**INSTRUCTIONS FOR THE TASK**
Provide the data again in its entirety, exactly as given.

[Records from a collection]
--- START ---

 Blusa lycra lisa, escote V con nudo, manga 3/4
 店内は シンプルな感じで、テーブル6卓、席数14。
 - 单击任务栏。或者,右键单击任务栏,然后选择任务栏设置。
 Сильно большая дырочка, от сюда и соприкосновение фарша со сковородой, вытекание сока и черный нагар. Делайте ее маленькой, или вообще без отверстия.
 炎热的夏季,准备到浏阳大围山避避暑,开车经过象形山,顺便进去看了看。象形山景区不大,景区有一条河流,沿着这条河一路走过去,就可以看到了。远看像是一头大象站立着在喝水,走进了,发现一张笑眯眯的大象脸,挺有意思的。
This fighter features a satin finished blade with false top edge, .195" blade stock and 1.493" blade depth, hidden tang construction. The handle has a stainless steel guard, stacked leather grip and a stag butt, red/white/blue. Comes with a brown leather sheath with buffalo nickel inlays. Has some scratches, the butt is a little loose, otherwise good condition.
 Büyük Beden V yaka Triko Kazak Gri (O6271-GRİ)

--- END ---

**EXERCISE RESPONSE**
 Blusa lycra lisa, escote V con nudo, manga 3/4
 店内は シンプルな感じで、テーブル6卓、席数14。
 - 单击任务栏。或者,右键单击任务栏,然后选择任务栏设置。
 Сильно большая дырочка, от сюда и соприкосновение фарша со сковородой, вытекание сока и черный нагар. Делайте ее маленькой, или вообще без отверстия.
 炎热的夏季,准备到浏阳大围山避避暑,开车经过象形山,顺便进去看了看。象形山景区不大,景区有一条河流,沿着这条河一路走过去,就可以看到了。远看像是一头大象站立着在喝水,走进了,发现一张笑眯眯的大象脸,挺有意思的。
This fighter features a satin finished blade with false top edge, .195" blade stock and 1.493" blade depth, hidden tang construction. The handle has a stainless steel guard, stacked leather grip and a stag butt, red/white/blue. Comes with a brown leather sheath with buffalo nickel inlays. Has some scratches, the butt is a little loose, otherwise good condition.
 Büyük Beden V yaka Triko Kazak Gri (O6271-GRİ)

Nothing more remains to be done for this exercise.